Saturday, December 01, 2018

Book-A-Day 2018 #335: Ghost in the Shell 2: Man-Machine Interface by Masamune Shirow

OK, the original Ghost in the Shell is not as wonderful as some people say, but it's a solid cyberpunk story in comics form: crisp and understandable and visually interesting and a good example of a particular era in manga and science fiction.

Its sequel, though...is not good. Ghost in the Shell 2: Man-Machine Interface is tedious, hermetic, endlessly dull, obsessed with its own fictional hacking terms, deeply snoozy, confusing about what scenes take place in cyberspace and which in the real world, painfully boring, and full of characters most of whom seem to be Major Motoko Kusanagi with different color hair -- or maybe Motoko Someone-else. And despite the thousands and thousands of words filling the panels here, and running in ant-type text boxes at the bottoms and sides of nearly every page, it fails entirely to adequately explain both what is actually happening and why we should care.

It doesn't help that both the bafflegab and the underlying assumptions about computer development in this story from the mid-90s are very divergent from what actually happened since then. That's obviously a danger for any near-future SF story more than a few years old, but Shirow focuses intently on those pointless details, telling his readers all of the detailed cyber-stuff that's going on in an endless flow of terms he invented and which don't match anything computers do in the real world.

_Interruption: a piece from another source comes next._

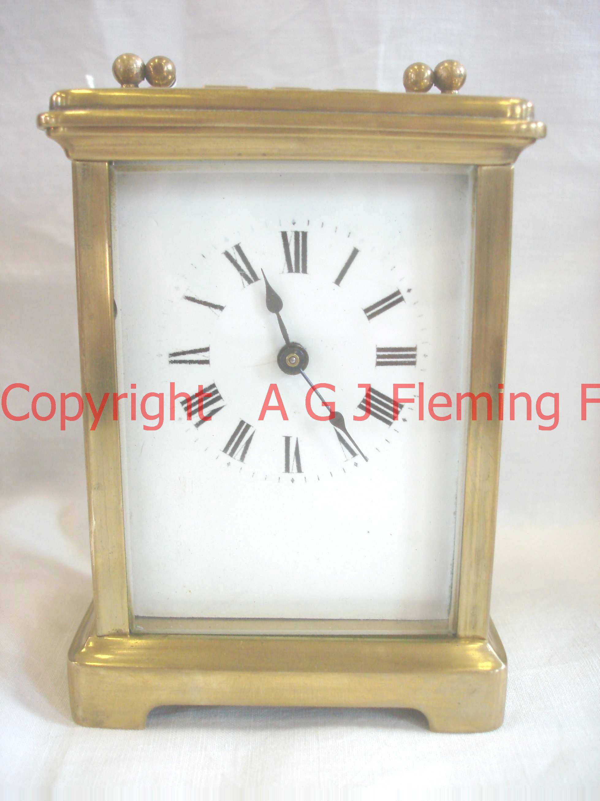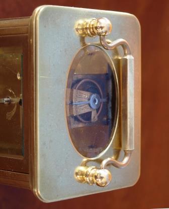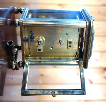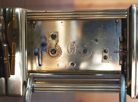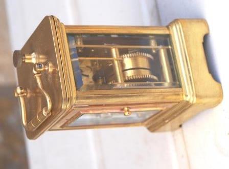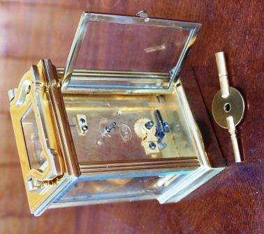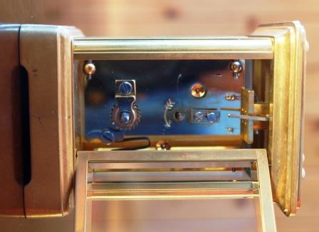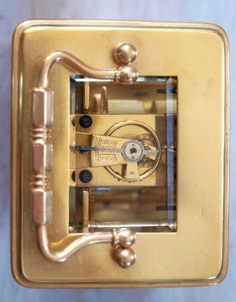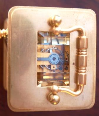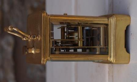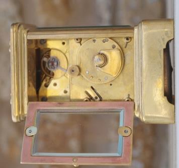 This is an Corniche-cased striking carriage clock with a 90° English lever/club-tooth escape wheel platform.

It's also deeply fan-servicey, as you can see from the cover. All of the women who are Motoko spend the book wearing things that aren't exactly clothes when they wear anything at all. But they seem to be mostly cyborgs, so they don't have nipples, which I guess makes it OK? I was more annoyed than titillated, because of how amazingly blatant it all is. When they're not naked, they tend to wear things that are even more obvious, like a long open coat over panties and nothing else or the sex-dungeon outfit on the cover. (Or, I'd almost forgotten, the first thing we see a Motoko wearing: a skin-tight semi-cheongsam with strategic cutouts and a skirt that falls, more often that not, in precisely the right way to show off her camo panties.) Shirow and his studio are good at drawing the bodies of pretty girls, but I wish they hadn't insisted on doing so in nearly every panel of every page.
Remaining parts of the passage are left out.